You do have a way out of this dilemma however as Formica has a color that matched what was on my boat almost perfectly. What I mean by that is if they touched, you could detect a slight color variation, but a few inches apart and you can not tell the difference. To be fair, two separate sheet with different batch/date numbers will have the same problem. So head to your local mom and pop distributor or the big box outlet and grab some samples to match it up. Formica is less than a couple of bucks a square foot. If you go this route, hail me back and I will give you some advice on how to work with the stuff if needed.
Dale
thanks for the info. Darn I wish I had asked BEFORE I took the fiddles off as I had to drill them out as the screws heads were glued and stripped. My next approach will be to take a cut out type tool and set the depth for 1/2 ' or so and try and match the opening width of the existing cutout.
If that does not work I guess we remove the formica completely and replace it with a wood vernier and upgrade the whole area which is bit more work than I wanted but what the heck boats are just money and labor pits anyway.
Ted
SV "Fantasia"
Quote from: PeteW on October 23, 2011, 08:06:11 PM
Dale,
Thanks again.
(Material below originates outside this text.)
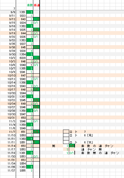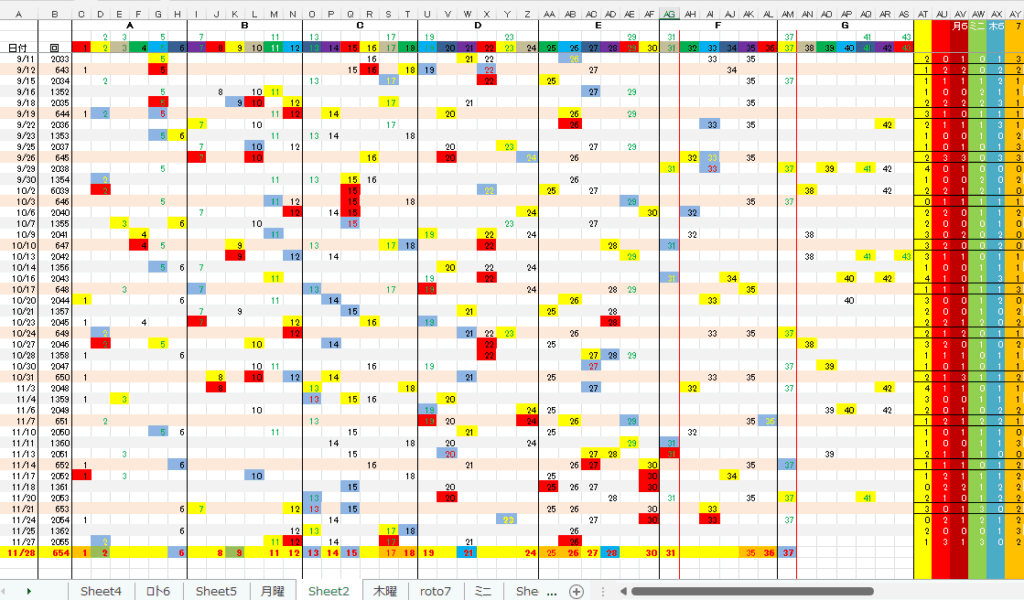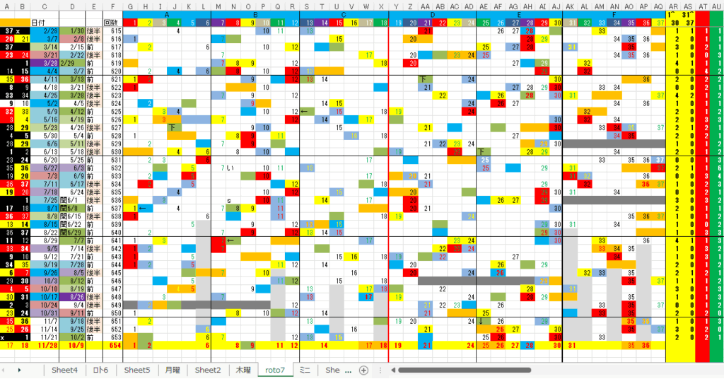 11/28 ロト7第654回予想アシストPARTⅠI 未分類 Twitter Facebook はてブ Pocket LINE コピー 2025.11.282025.11.27 広告 ロト7出現表 広告 広告 日付け数字 広告 ボーナス数字 広告 全ロト出現表 広告 広告 ☆ 前回の月Bが【-2】21、ミニBが【-1】17、木Bが【-2,-1,+1】11,12,14,7B①が【-2,-1,+1】11,12,14,7B➁が【-1,+2】14,11、となりました。裏技5関連数字が5個当選しました。 広告

So that means that 48 degrees F delta / r28 X 16 square feet surface area = 27 BTU/hr loss. Makes for a pretty decent ice box as-is. I ignore the top of the box for heat loss in my surface area number, assuming no cold air goes out the top but we know that's not completely true. Should have my home brew BD50 system installed by end of this week. Pete
Pete....How is the DB50 working out...I am looking att he DB50 Adler Barber with the v53 horizonal evaporator....thoughts?